Royal Tudor Manor is a medieval, Tudor, Victorian, Japanese treat. If you like period features in your family-and-friends holiday homes, this one’s for you. Several periods, in fact. First renovated in Victorian times, Royal Tudor Manor has echoes from various centuries through history and a garden that’s purely Oriental.
Royal Tudor Manor is impressive and grand, yet informal and warm, too. Sleeping 17 in palatial style, it turns Wiltshire into Wowshire. Follow the verdant lanes along which cattle were once herded to market, to an estate of broad-leaved woodland totalling 7000 acres.
Royal Tudor Manor is a piece of history, but there’s nothing medieval about the Sonos sound system, the superfast broadband, the three electric fan ovens or the gas barbie. Call up our chef. Take it easy, be together, be apart, celebrate, feel special. You’ll remember this as a right royal good time.
Be enchanted by gorgeous gardens fit for a king. They’re formal close to the house, then progressively wild as they merge with the Wiltshire uplands beyond. The view from behind the house takes in ascending rectangular pools, a fountain and folly.
Walk the grass pathways past pleached lime and cypress trees. Relax with a drink in the exotic Japanese garden overlooking the koi carp that glide serenely in the ornamental ponds. Get the gas barbie started. Get steamy in the pagoda’s sauna, then shower off outdoors.
Eat al fresco around the chunky garden table. Play a little croquet on the top lawn by the entrance. Be transfixed by the trickle of water from the ornamental waterfall. Once used for hunting, these grounds are now a place to track down only quiet contemplation and a sort of spiritual serenity.
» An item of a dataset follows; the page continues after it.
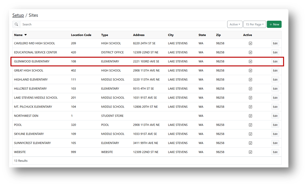 - Select the site you wish to add terminals to and click Edit.
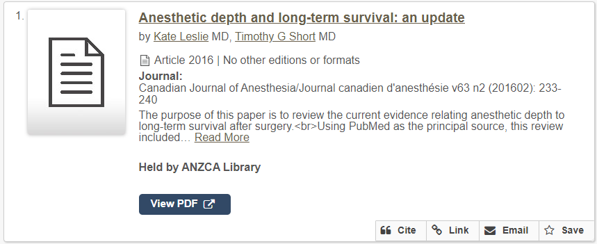 And now Google Scholar can be easily configured to show you which of the search results are available from ANZCA Library. Once configured, just look for the Full text @ ANZCA link when using Google Scholar.

Big rooms and high ceilings make for space to spread, with plenty places to escape with headphones or a book. Period detail abounds here, plus a huge embrace for the practicalities and playthings of contemporary living. In fact, life here flows as effortlessly as the wifi and the sound from the Sonos system.
Although you’ll want for nothing, you never quite lose that grand sense of the 17th century. The fireplaces are magnificent and you’ll feed them with the endless supply of logs provided. Even the medieval entrance hall exudes history, with its huge fireplace, stone-mullioned window and unusual loophole window.
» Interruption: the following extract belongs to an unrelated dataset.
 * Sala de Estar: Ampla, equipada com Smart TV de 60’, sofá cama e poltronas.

Beyond the hall, rooms come from Tudor times, although there’s not much ancient history about the TV room. The 60” wall-mounted telly sits beneath Henry VIII-style beams, offering an open invitation to snuggle up on the leather sofas and find a film from the DVD collection.
Escape for solitary serenity with a book to the butler’s house sitting room. Or get the fire burning and gather for drinks, cards and chatter in the giant drawing room on the first floor in the original part of the house. Admire the gardens from the large window, soak up the atmosphere and character, wonder if you could hide and stay forever.
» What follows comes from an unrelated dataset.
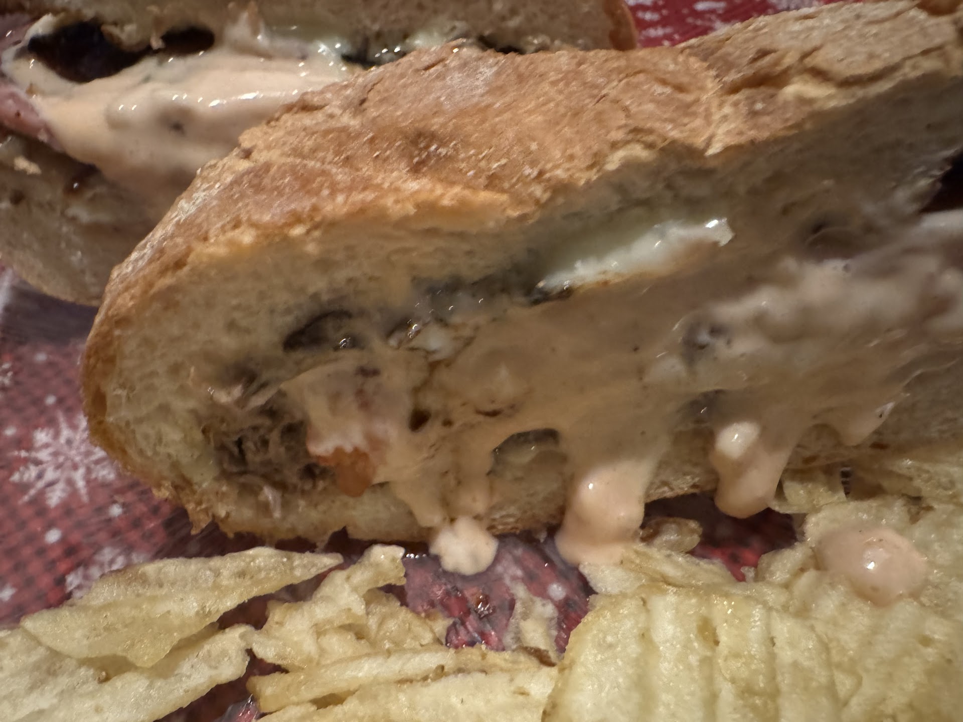 The Schmitter is a pretty odd sandwich honestly given what’s on it. Basically a cheesesteak with onions, tomato’s, salami, and their sauce that is similar to a Big Mac sauce. I’d never have thought to add salami to a cheesesteak, but here we are. The flavor was quite good, it was on a round Kaiser (you can order long roll if you want) which reminded me of donkeys place a bit, and the tomato added a nice freshness as well. The price is what you’d expect, maybe a tad bit more, for the sandwich and it comes with basic ridged chips.

Royal Tudor Manor conjures visions of noblemen returning from the hunt with fresh game or a skewered boar for a hearty banquet. Despite these reminders of ancient times, you won’t go without creature comforts. They include a giant contemporary kitchen, three electric fan ovens, two hobs and a dishwasher.
If you’d prefer to stand the heat in the sauna than the kitchen, Nick Paffett and Mike Clarke from Forkingout are always on hand with a roast loin of Somerset pork, pink trout and samphire, or seared scallops. Eat in pure elegance in the panelled Tudor dining room or al fresco out among the ornamental ponds.
The Tudors would have loved the gas barbie in the garden. They’d also have loved the game-rich King John Inn, bringing you wood-pigeon ham and haunch of venison from Cranborne Chase. Just five minutes’ walk away, it’s also home to an ever-changing menu of fine drafts and beers.
In the next village, The Museum Inn offers locally sourced, AA Rosette-standard fare such as poached pollock, Oriental hot-and-sour stew and beer-battered haddock. Grab a takeaway from Spice of India, and stock up your own kitchen with hearty fare from local delis like Hungry Bird and Tarrant Gunville Farm Shop.
There’ll be no battling over the nine bedrooms here. Every one is lush, luxurious and lavishly endowed with period features. Oak panels, fireplaces and even half-tester canopies are all on the night-time menu.
En-suite bedroom one comes with one of those half-tester canopies, plus a zip-and-link giving the option of a super kingsize double or adjacent twin beds. There’s another half-tester canopy in bedroom two, plus en-suite and zip-and-link. Bedroom three offers twin beds, Tudor panelling and a herringbone brick fireplace.
The master, bedroom four, provides a half-tester canopy, king-size bed, dressing area and contemporary en-suite with walk-in shower. Check out the drinks bar on the landing for a late-night snifter. On the second floor, bedroom five has twin beds that transform into a super king-size double, while bedroom six is a single.
In the butler’s house, bedrooms seven and eight are zip-and-link super king-size doubles. Fancy going Oriental? Bedroom nine in the Japanese Pavilion offers twin beds or super kingsize double. Take a sauna in the morning.